When I say stream I mean that when writing and reading data to a pipe there's no concept of beginning and end. When working with an IO stream, like pipes or TCP sockets, you write your data to the stream followed by some protocol-specific delimiter. For example, HTTP uses a series of newlines to specify delimit the headers from the body.

Then when reading data from that IO stream you read it in one chunk at a time, stopping when you come across the delimiter. That's why I used #puts and #gets in the last example: it used a newline as the delimiter for me.

As you may have guessed it's possible to communicate via messages instead of streams. We can't do it with pipe, but we can do it with Unix sockets. Without going into too much detail, Unix sockets are a type of socket that can only communicate on the same physical machine. As such it's much faster than TCP sockets and is a great fit for IPC.

Here's an example where we create a pair of Unix sockets that can communicate via messages:

require 'socket'
Socket.pair(:UNIX, :DGRAM, 0) #=> [#<Socket:fd 15>, #<Socket:fd 16>]

This creates a pair of UNIX sockets these sockets that are already connected up to each other. These sockets communicate using datagrams, rather than a stream. In this way you write a whole message to one of the sockets and read a whole message from the other socket. No delimiters required.

Here's a slightly more complex version of the pipe example where the child process actually waits for the parent to tell it what to work on, then it reports back to the parent once it's finished the work:

require 'socket'

child_socket, parent_socket = Socket.pair(:UNIX, :DGRAM, 0)
maxlen = 1000

fork do
  parent_socket.close
  
  10.times do
    instruction = child_socket.recv(maxlen)
    child_socket.send("#{instruction} accomplished!", 0)
  end 
end 
child_socket.close

5.times do
  parent_socket.send("Heavy lifting", 0)
end 
5.times do
  parent_socket.send("Feather lifting", 0)
end 

10.times do
  $stdout.puts parent_socket.recv(maxlen)
end 

So whereas pipes provide uni-directional communication, a socket pair provides bi-directional communication. The parent socket can both read and write to the child socket, and vice versa.

Remote IPC?

IPC implies communication between processes running on the same machine. If you're interested in scaling up from one machine to many machines while still doing something resembling IPC there are a few things to look into. The first one would simply be to communicate via TCP sockets. This option would require more boilerplate code than the others for a non-trivial system. Other plausible solutions would be RPC (remote procedure call), a messaging system like ZeroMQ, or the general body of distributed systems.

In the Real World

Both pipes and socket pairs are useful abstractions for communicating between processes. They're fast and easy. They're often used as a communication channel instead of a more brute force approach such as a shared database or log file.
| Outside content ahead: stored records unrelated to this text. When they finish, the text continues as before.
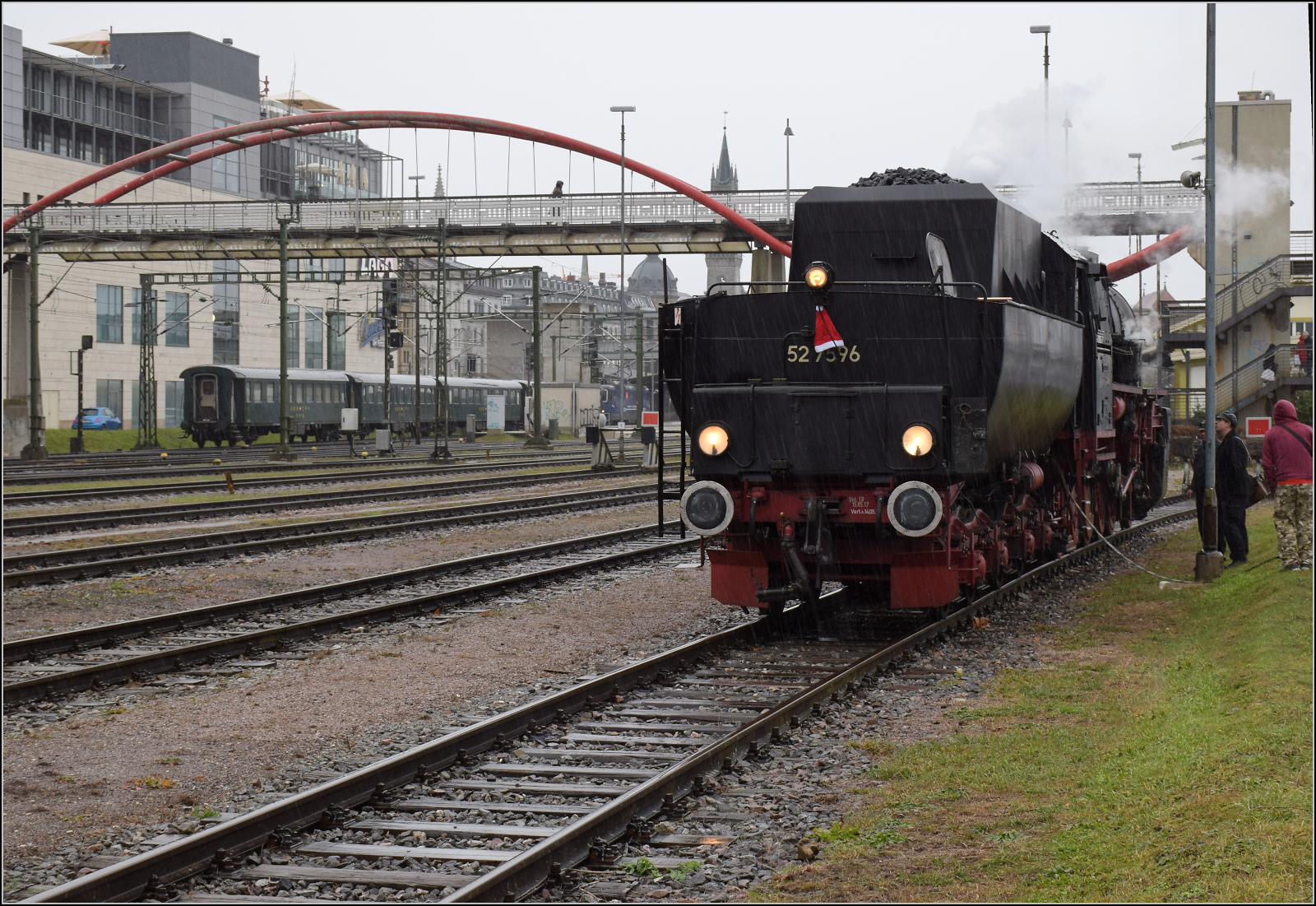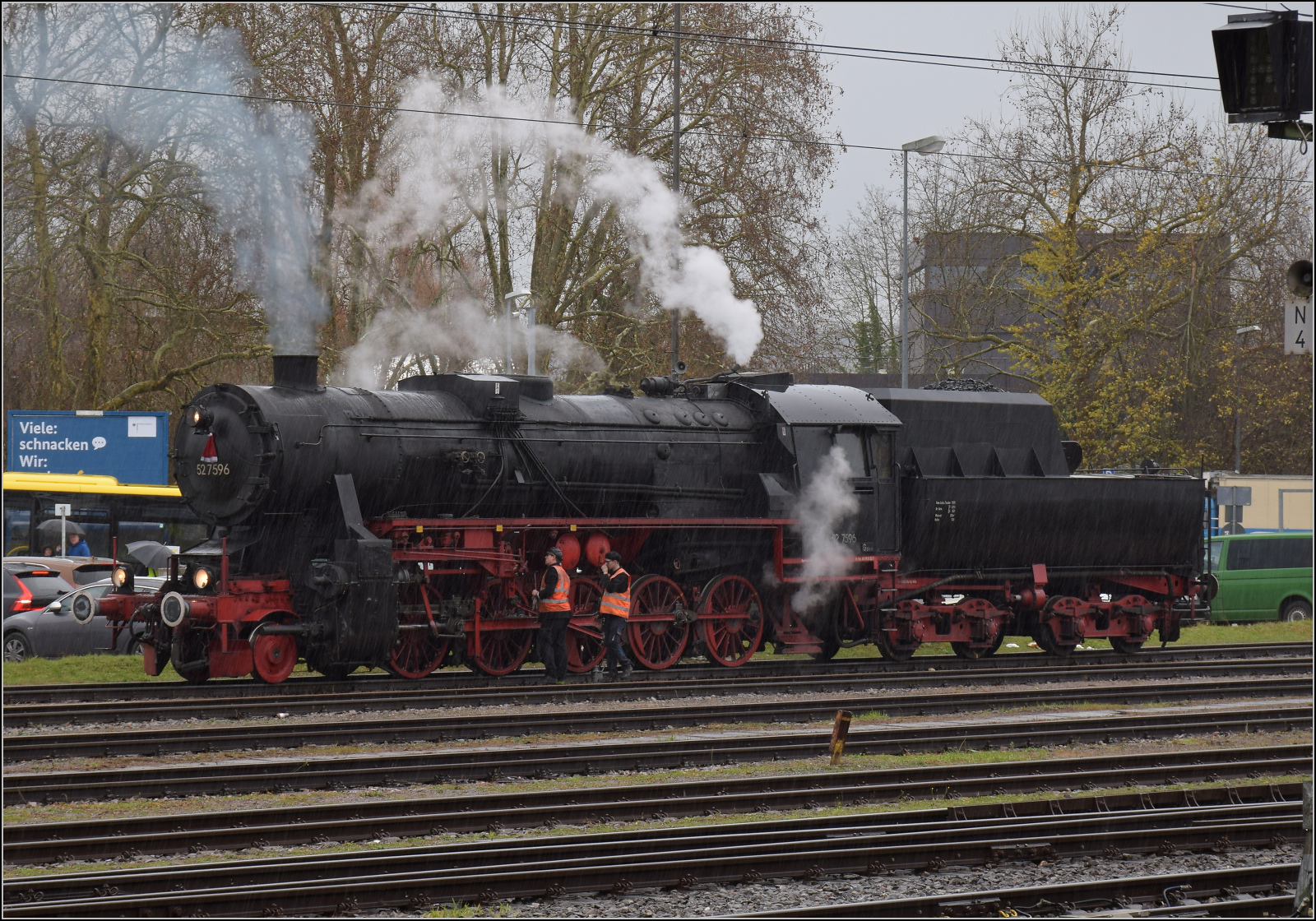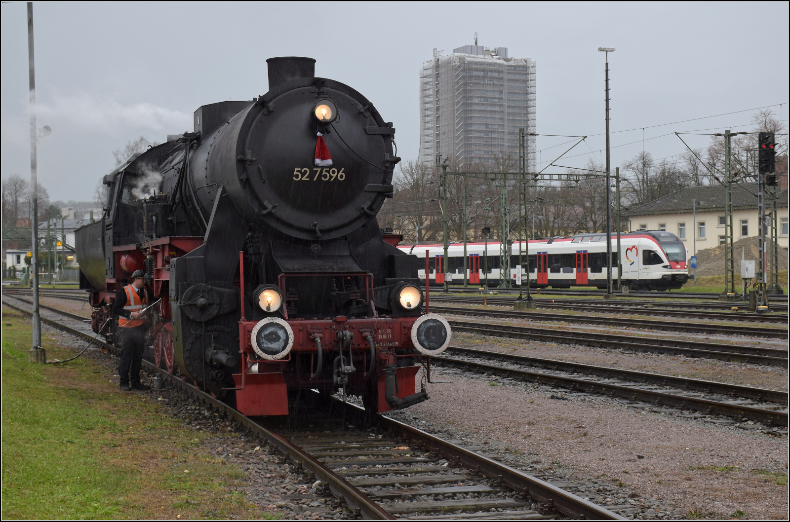 52 7596 in strömendem Regen beim Auffüllen der Wasservorräte auf dem ehemaligen Hafengleis im Bahnhof Konstanz. Außerdem gilt, wer gut schmiert, der gut fährt. Dezember 2024. km0
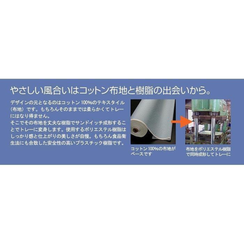 デザインの元となるのはコットン100%のテキスタイル(布地)です。その布地を丈夫な樹脂でサンドイッチ成形することでトレーに変身します。使用するポリエステル樹脂はしっかり感と仕上がりの美しさが自慢。もちろん食品衛生法にも合致した安全性の高いプラスチック樹脂です。
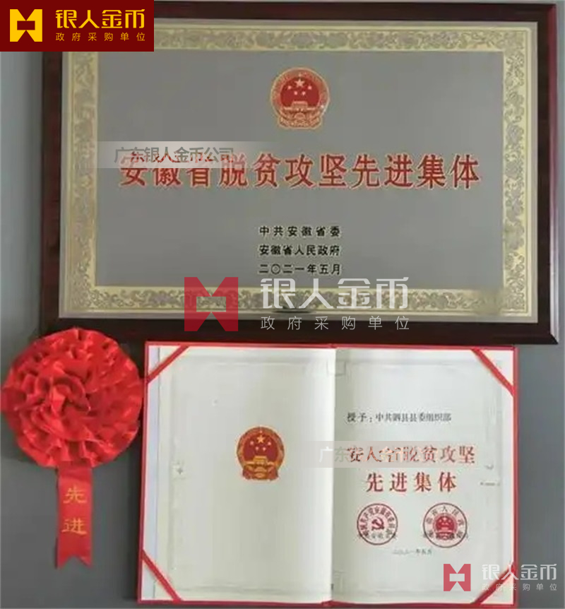 中共安徽省委、安徽省人民政府安徽省脫貧攻堅先進集體獎牌證書和先進個人獎?wù)伦C書(圖)
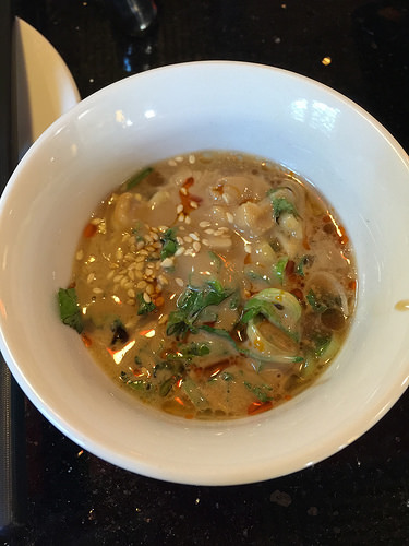 我認為最理想的調醬素材一定要有芝麻醬、生辣椒、蒜末、香菜、黑醋、醬油跟麻油等素材!
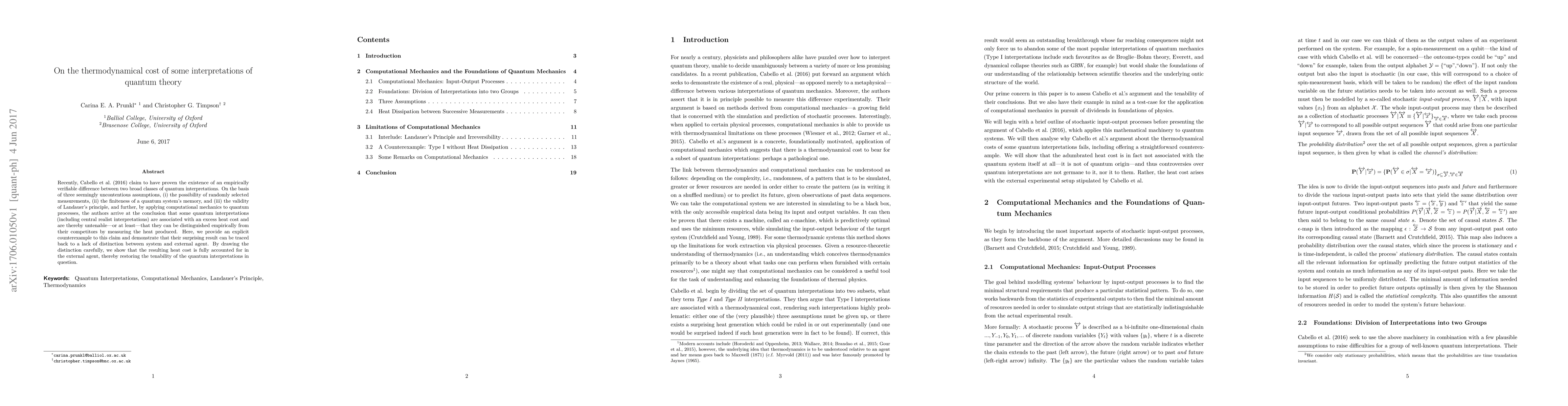 Cabello et al. claim to have proven the existence of an empirically verifiable difference between two broad classes of quantum interpretations. On the basis of three seemingly uncontentious assumptions, (i) the possibility of randomly selected measurements, (ii) the finiteness of a quantum system's memory, and (iii) the validity of Landauer's principle, and further, by applying computational mechanics to quantum processes, the authors arrive at the conclusion that some quantum interpretations (including central realist interpretations) are associated with an excess heat cost and are thereby untenable - or at least - that they can be distinguished empirically from their competitors by measuring the heat produced. Here, we provide an explicit counterexample to this claim and demonstrate that their surprising result can be traced back to a lack of distinction between system and external agent. By drawing the distinction carefully, we show that the resulting heat cost is fully accounted for in the external agent, thereby restoring the tenability of the quantum interpretations in question.
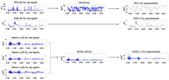We performed the following calculation and preprocessing operations on the multi-modal signals. Figure 1 shows a flow chart of the raw signal and the preprocessed signal for the HR, GSR, and ACCEL signals.
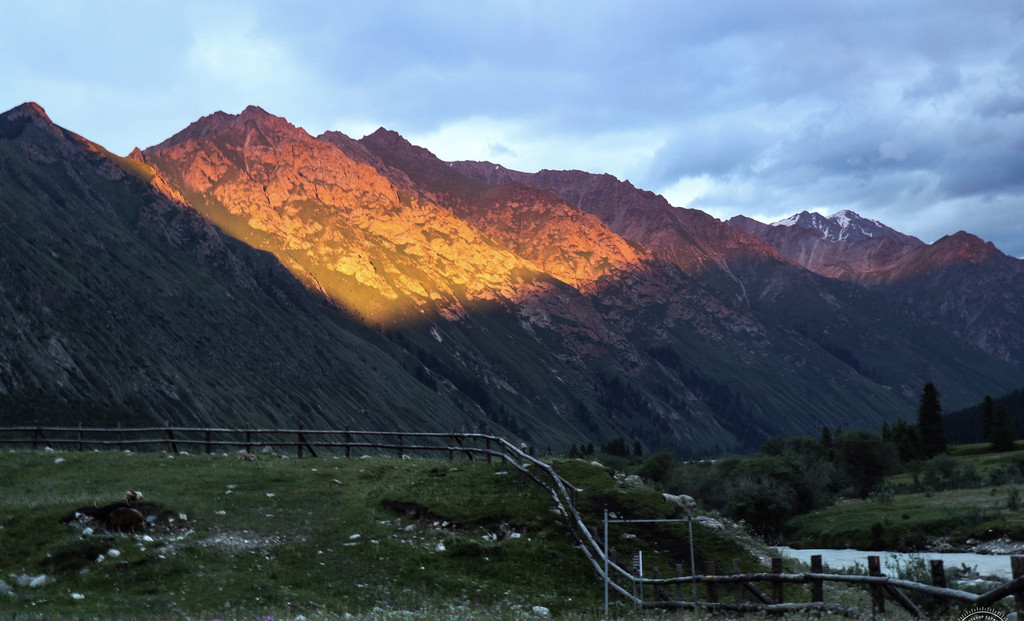 琼库什台依旧是依山傍水,依旧是炊烟下的小木房,但木屋已经变成了民宿、饭店、小超市。村口是几个穿着民族服装的小姐姐在商演。我徒增伤感,联想到了完全商业化的丽江古城。我们匆匆拍了几下就走了,去赶拍落日余晖下的毡房。
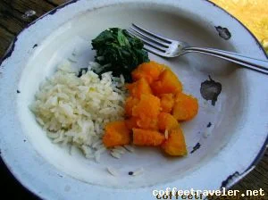 Acompanhada de abóbora e arroz, formou-se uma bela e apetitosa composição…
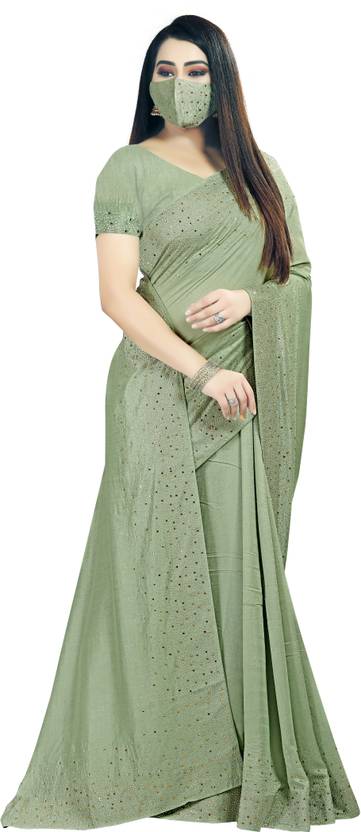 Fabric :- This Saree/Sari/Sadi have soft finished Vichitra Fabric easy and Comfortable to wear., Color :- This Amazing Saree/Sari/Sadi have Soft Finished Pista colour which make you look awesome and star of Party., Occasions :- This Saree/Sari/Sadi is Specially design for wedding, Party and Festive Season of indian women's wear || Work:- Stone Work (Rhinestone )., Length :- Saree/Sari/Sadi Length is 5.5 Meter and Blouse Length is is 0.80 Meter || Dry Clean Only || Fashionable Mask, Package Included :- 1 Saree/Sari/Sadi With Blouse Piece and Fashionable Mask
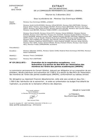 Subvention à la section du Bas-Rhin de l'Association des membres de l'Ordre des palmes académiques (AMOPA)

As for which method to use: it depends on your needs. Keep in mind that pipes are uni-directional and socket pairs are bi-directional when weighing your decision.

For a more in-depth example have a look at the Spyglass Master class in the included Spyglass project. It uses a more involved example of the code you saw above where many child processes communicate over a single pipe with their parent process.

System Calls

Ruby's IO.pipe maps to pipe(2), Socket.pair maps to socketpair(2). Socket.recv maps to recv(2) and Socket.send maps to send(2).